Complement activation following first exposure to pegylated liposomal doxorubicin (Doxil): possible role in hypersensitivity reactions.
Chanan-Khan A, Szebeni J, Savay S, Liebes L, Rafique NM, Alving CR, Muggia FM
Ann Oncol. 2003;14(9):1430.
BACKGROUND: Pegylated liposomal doxorubicin (Doxil) has been reported to cause immediate hypersensitivity reactions (HSRs) that cannot be explained as IgE-mediated (type I) allergy. Previous in vitro and animal studies indicated that activation of the complement (C) system might play a causal role in the process, a proposal that has not been tested in humans to date.

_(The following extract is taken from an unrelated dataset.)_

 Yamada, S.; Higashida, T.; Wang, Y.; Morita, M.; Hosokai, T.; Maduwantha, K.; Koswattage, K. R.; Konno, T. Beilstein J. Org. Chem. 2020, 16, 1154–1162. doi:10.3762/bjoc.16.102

PATIENTS AND METHODS: Patients with solid tumors (n = 29) treated for the first time with Doxil were evaluated for HSRs and concurrent C activation. HSRs were classified from mild to severe, while C activation was estimated by serial measurement of plasma C terminal complex (SC5b-9) levels. Increases in SC5b-9 were compared in patients with or without reactions, and were correlated with Doxil dose rate.
RESULTS: Moderate to severe HSRs occurred in 45% of patients. Plasma SC5b-9 at 10 min after infusion was significantly elevated in 92% of reactor patients versus 56% in the non-reactor group, and the rise was greater in reactors than in non-reactors. We found significant association between C activation and HSRs, both showing direct correlation with the initial Doxil dose rate.
CONCLUSIONS: C activation may play a key role in HSRs to Doxil. However, low-level C activation does not necessarily entail clinical symptoms, highlighting the probable involvement of further, as yet unidentified, amplification factors.